Background: The diagnostic potential of DNA methylation has generated a need for quality control systems in its analysis. Here, we tested whether cycle threshold (Ct) values from real-time quantitative PCR correlate better with the reliability of bisulfite-PCR methylation analyses than spectrophotometric concentrations.
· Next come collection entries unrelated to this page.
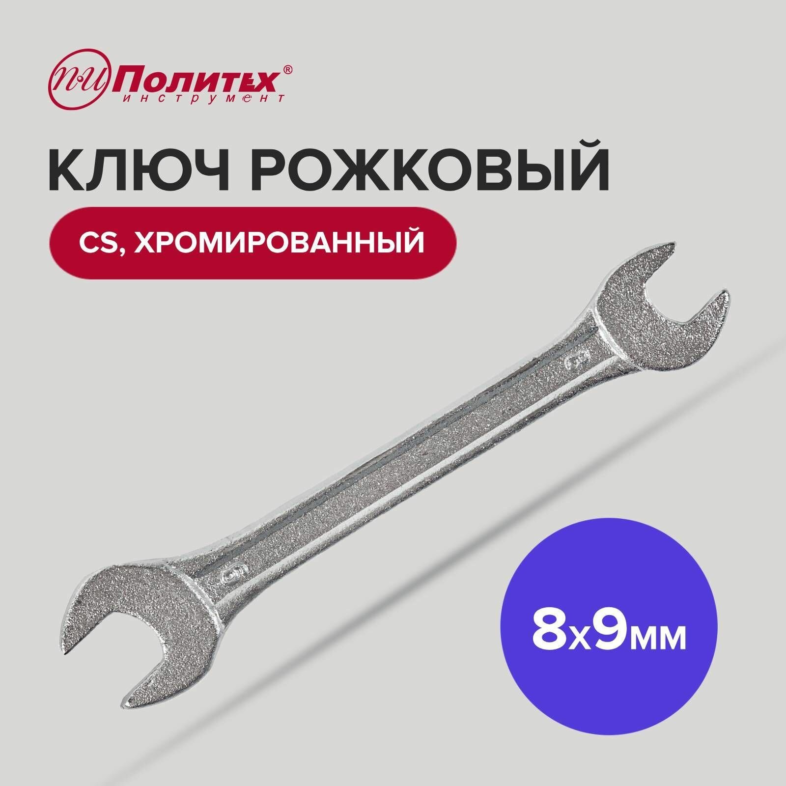 Купить Ключ рожковый CS хромированный 8 х 9 мм Политех Инструмент
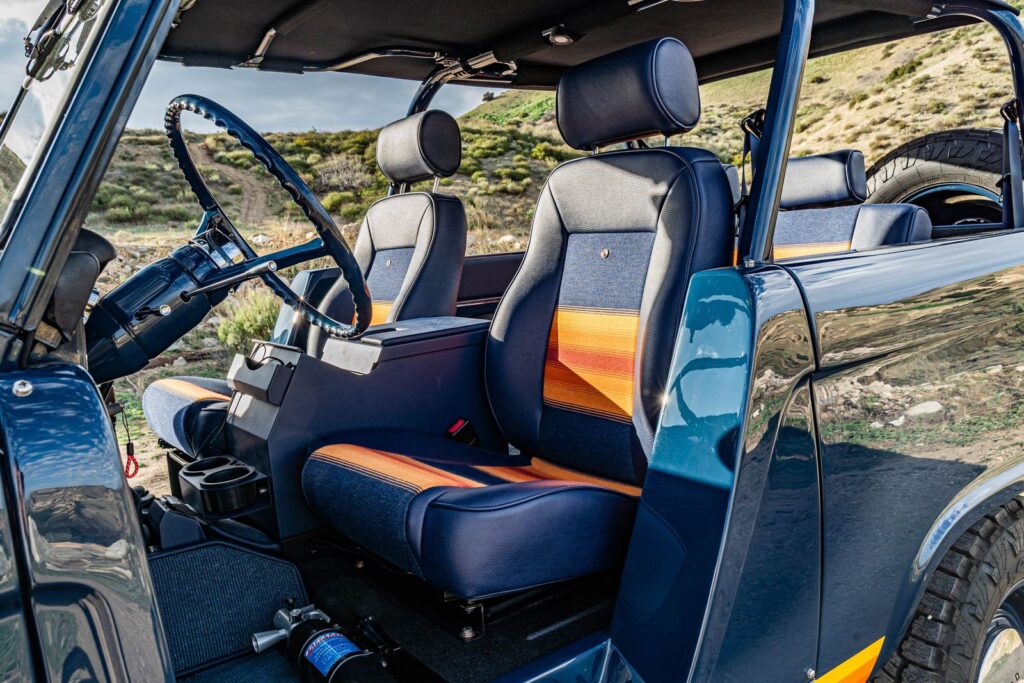 The design philosophy is a masterclass in cohesive, retro-inspired aesthetics. The entire vehicle is bathed in a stunning monochromatic blue, a theme that extends to the durable seven-layer laminated fabric soft top. Inside, the magic continues with a spectacular collaboration between ICON, Pendleton, and Sunbrella.
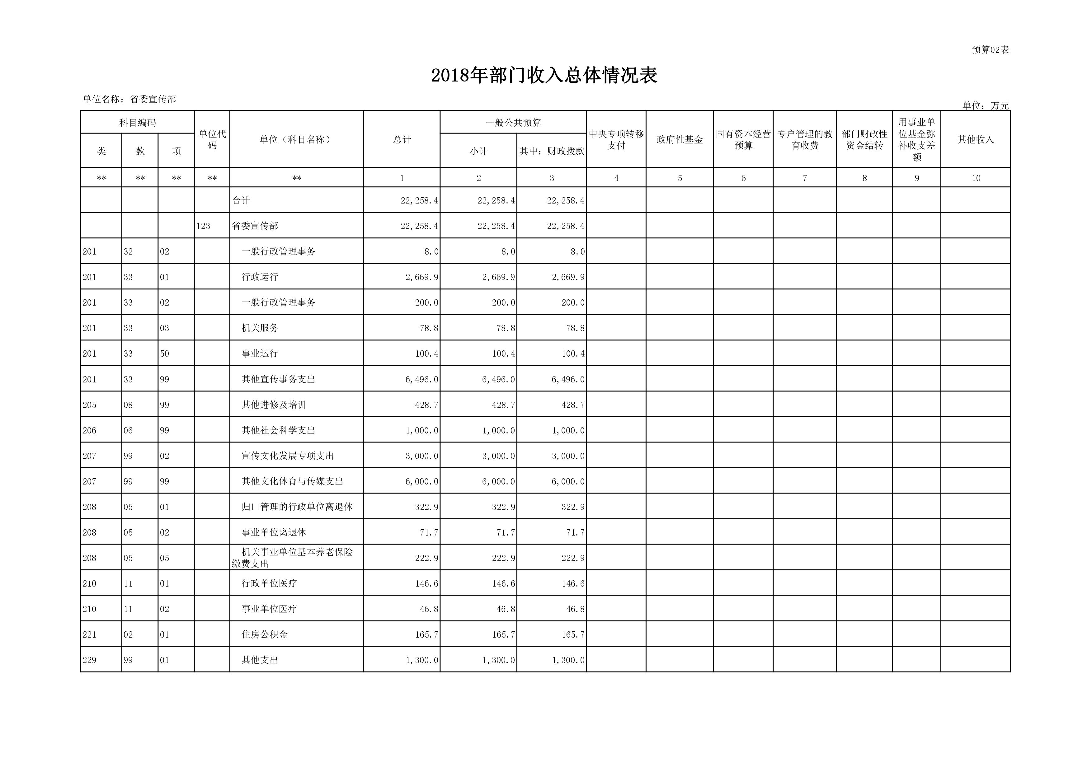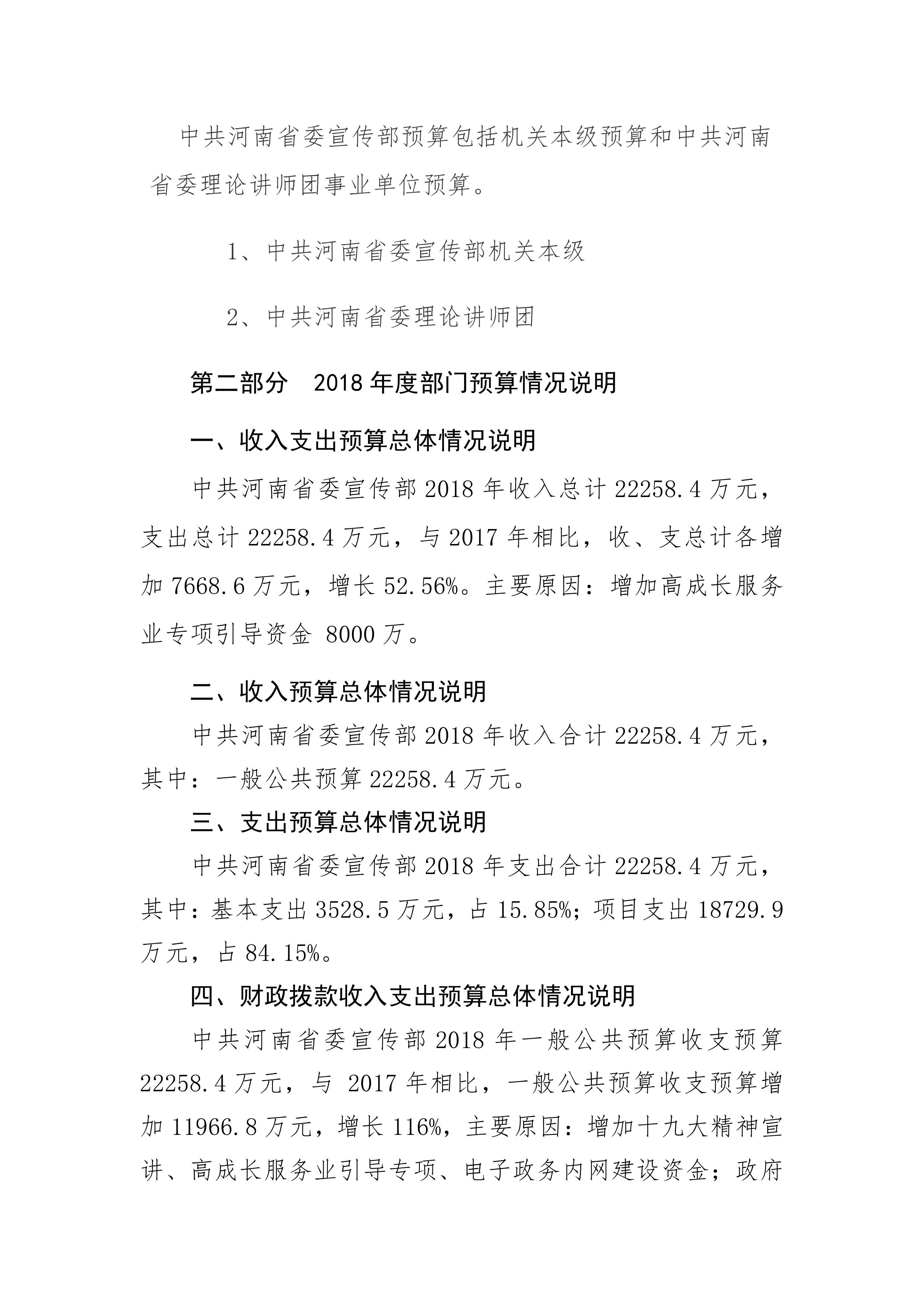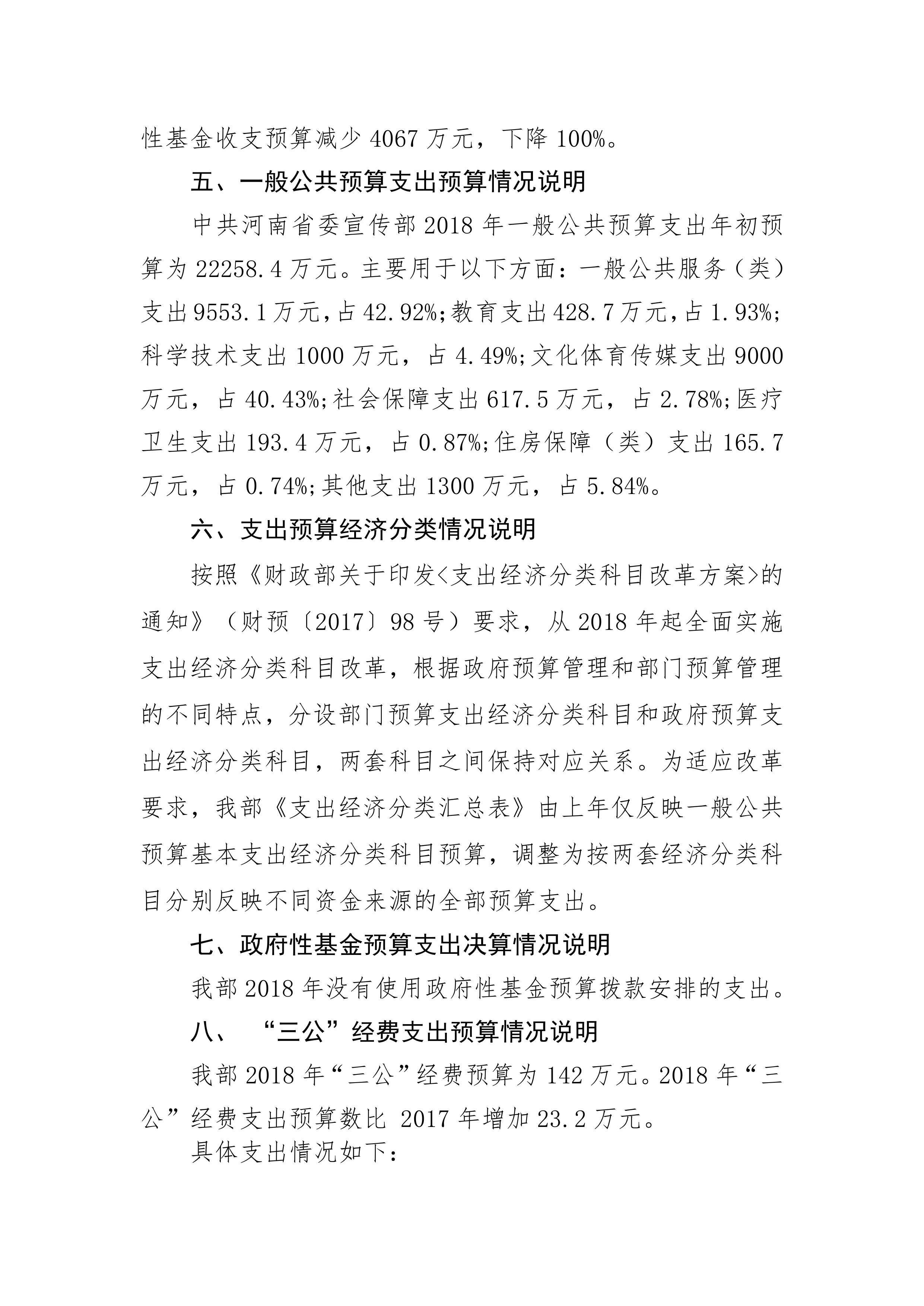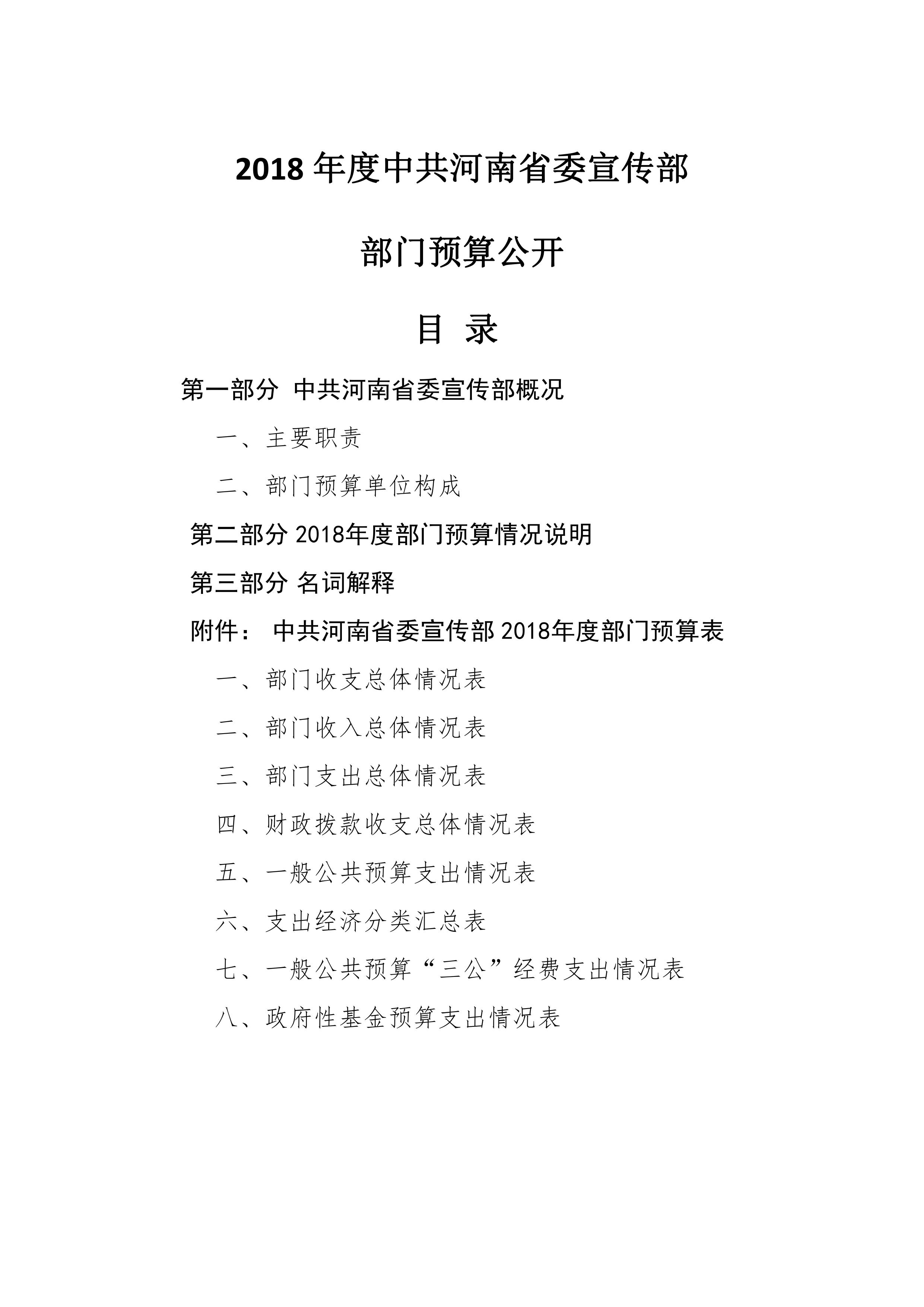 2018年度中共河南省委宣傳部部門預算公開

Methods: A total of 18 cell line DNA samples were quantified for beta-actin (ACTB) Ct and spectrophotometric values from 1-microL volumes. A further 1 microL was analyzed in quintuplicate for bisulfite DNA ACTB by MethyLight. Correlations between Ct and spectrophotometric values, and MethyLight qualitative (detection in all replicates) and quantitative (Ct value standard deviation <1) reliability were compared. To validate the findings, the same comparisons were made in 40 formalin-fixed, paraffin-embedded tissue (FFPET) samples analyzed by methylation-specific PCR of MLH1.
Results: Using optimal thresholds, Ct values correctly identified 6/7 (86%) and 11/11 (100%) cell line samples to be qualitatively, and 7/7 (100%) and 4/4 (100%) quantitatively reliable and unreliable, respectively. The corresponding frequencies for spectrophotometry were 6/8 (75%), 10/10 (100%), 6/8 (75%) and 2/3 (67%), respectively. In FFPET DNA, the respective values for qualitative reliability for Ct values were 25/25 (100%) and 11/15 (73%), and 11/14 (79%) and 8/26 (31%) for spectrophotometry.
Conclusions: Ct values could be useful indicators for gauging the suitability of samples for methylation analysis, in particular from FFPET.